Sorry, that just hurts my brain...


----------



## imm0rtal reaper (Jul 15, 2008)

SilverTabby said:


> Just look at the small print in the book and different terminology used...


Any chance of an example, I don't have any of the new books.

Good news for GW and in the future, us hopefully!


----------



## Katie Drake (Nov 28, 2007)

SilverTabby said:


> You do realise that GK is compilant with 6th Ed already, as will be any other Codex released this year? Just look at the small print in the book and different terminology used...

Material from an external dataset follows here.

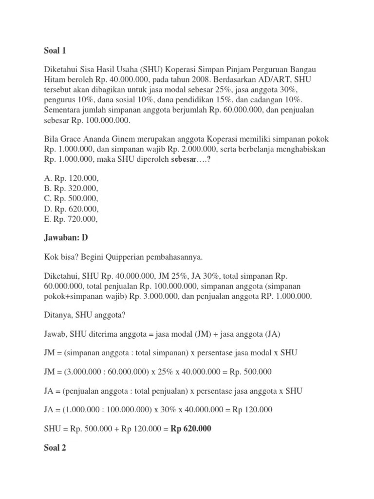 Contoh Soal Dan Pembahasan Ekonomi Shu / Cara Menghitung Shu Beserta Contoh Soal Dan Pembagiannya Pdf : A menghubungkan alat listrik pemasak.

Sure, but there's a marked difference between compliant and good. Case in point: Daemons.


----------



## Svartmetall (Jun 16, 2008)

SilverTabby said:


> *Pictures Svart as a Blister Sister*
> 
> Sorry, that just hurts my brain...


Could be worse, you could have pictured me as a Scissor Sister...


----------



## MaidenManiac (Oct 2, 2008)

Katie Drake said:


> See GW? You can make money without constantly pumping out new editions of your games. Now relax and don't update the core 40K rules until after the Codecies are finished being updated to a 5th edition standard.

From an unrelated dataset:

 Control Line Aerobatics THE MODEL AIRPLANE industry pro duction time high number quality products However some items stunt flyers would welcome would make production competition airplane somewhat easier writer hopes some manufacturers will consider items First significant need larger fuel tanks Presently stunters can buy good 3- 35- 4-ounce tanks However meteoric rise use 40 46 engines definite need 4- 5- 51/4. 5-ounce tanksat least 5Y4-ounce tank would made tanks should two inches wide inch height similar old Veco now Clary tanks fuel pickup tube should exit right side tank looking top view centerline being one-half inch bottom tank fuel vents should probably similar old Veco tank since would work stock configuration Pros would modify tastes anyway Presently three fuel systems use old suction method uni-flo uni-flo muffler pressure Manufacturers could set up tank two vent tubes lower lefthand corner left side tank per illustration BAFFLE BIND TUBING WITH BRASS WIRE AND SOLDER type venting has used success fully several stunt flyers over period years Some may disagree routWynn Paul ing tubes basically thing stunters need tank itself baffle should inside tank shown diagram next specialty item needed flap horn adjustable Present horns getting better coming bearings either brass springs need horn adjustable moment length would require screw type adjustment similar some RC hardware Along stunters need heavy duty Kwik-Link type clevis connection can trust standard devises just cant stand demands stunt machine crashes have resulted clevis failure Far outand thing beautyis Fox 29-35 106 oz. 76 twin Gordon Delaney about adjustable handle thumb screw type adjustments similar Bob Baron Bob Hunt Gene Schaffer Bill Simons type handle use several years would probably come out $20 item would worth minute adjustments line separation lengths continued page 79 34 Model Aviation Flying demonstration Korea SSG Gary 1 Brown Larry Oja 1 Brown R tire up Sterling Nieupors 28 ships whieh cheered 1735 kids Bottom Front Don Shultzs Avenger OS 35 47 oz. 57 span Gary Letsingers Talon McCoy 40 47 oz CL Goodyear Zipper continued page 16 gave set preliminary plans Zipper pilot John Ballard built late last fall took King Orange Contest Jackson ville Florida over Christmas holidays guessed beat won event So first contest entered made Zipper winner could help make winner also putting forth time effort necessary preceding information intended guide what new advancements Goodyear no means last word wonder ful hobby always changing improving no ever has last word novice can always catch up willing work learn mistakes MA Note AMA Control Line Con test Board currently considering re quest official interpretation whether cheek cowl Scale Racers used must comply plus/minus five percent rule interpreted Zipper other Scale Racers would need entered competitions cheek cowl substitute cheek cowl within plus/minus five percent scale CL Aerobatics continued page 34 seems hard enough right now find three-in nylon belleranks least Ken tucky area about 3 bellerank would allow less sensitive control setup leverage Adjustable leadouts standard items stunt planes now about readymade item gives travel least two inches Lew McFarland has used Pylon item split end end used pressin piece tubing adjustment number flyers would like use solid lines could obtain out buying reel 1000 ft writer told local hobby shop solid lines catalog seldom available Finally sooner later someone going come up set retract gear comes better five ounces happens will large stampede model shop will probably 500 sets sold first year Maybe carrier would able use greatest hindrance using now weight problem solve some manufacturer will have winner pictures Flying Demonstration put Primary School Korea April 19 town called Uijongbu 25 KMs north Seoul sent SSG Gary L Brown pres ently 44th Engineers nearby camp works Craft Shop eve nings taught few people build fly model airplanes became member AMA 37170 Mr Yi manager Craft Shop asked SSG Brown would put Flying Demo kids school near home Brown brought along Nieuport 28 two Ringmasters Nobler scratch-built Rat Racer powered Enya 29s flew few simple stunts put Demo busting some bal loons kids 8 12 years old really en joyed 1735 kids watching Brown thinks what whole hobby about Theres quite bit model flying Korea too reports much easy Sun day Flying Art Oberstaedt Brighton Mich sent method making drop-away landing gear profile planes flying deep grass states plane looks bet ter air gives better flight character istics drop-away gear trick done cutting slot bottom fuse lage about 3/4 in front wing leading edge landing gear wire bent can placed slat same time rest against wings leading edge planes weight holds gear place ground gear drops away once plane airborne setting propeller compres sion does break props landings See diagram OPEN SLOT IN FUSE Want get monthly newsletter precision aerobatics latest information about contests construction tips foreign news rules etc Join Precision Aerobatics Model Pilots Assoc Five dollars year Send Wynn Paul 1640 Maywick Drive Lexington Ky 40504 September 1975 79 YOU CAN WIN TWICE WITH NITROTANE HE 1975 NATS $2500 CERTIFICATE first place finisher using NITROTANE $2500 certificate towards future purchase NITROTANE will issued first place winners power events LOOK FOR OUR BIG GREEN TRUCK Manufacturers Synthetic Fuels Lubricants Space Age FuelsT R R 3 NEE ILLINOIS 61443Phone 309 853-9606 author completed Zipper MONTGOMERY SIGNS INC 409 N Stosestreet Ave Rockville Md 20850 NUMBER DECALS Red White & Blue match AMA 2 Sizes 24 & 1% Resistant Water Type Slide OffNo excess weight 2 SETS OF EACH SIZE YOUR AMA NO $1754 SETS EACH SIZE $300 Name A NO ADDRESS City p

My hopes exactly:goodpost:


----------



## SilverTabby (Jul 31, 2009)

MaidenManiac said:


> > :
> > Originally Posted by Katie Drake
> > See GW? You can make money without constantly pumping out new editions of your games. Now relax and don't update the core 40K rules until after the Codecies are finished being updated to a 5th edition standard.
> 
> ...


Trouble is, if they update everything to 5th standard now, they'll screw themselves with releasing a newer edition. They work for the better part of 2-3years on any new edition, and when you get this close to a 'scheduled' release, all Codices released will have been written to the newer standard. So no matter how much you wish for everything to be updated to 5th, from this point on it will be updated to 6th. 
Which, to be honest, isn't a bad thing. 



Immortal Reaper said:


> Any chance of an example, I don't have any of the new books.


I posted up all my reasons for believing that on a thread somewhere about 6th ed, possibly the 'Blood of Kittens Bombshell' one. If I can find it (in my limited online time) I'll post a link.


----------



## MaidenManiac (Oct 2, 2008)

SilverTabby said:


> Trouble is, if they update everything to 5th standard now, they'll screw themselves with releasing a newer edition. They work for the better part of 2-3years on any new edition, and when you get this close to a 'scheduled' release, all Codices released will have been written to the newer standard. So no matter how much you wish for everything to be updated to 5th, from this point on it will be updated to 6th.
> Which, to be honest, isn't a bad thing.


The problem I see is that if there are to be new Main Rules every 4th year for each system then they actually have less time to develop codices/armybooks for the systems and thats a real bummer.

SM wont care since they will get a new codex with each rule set but a lot of other armies will....


----------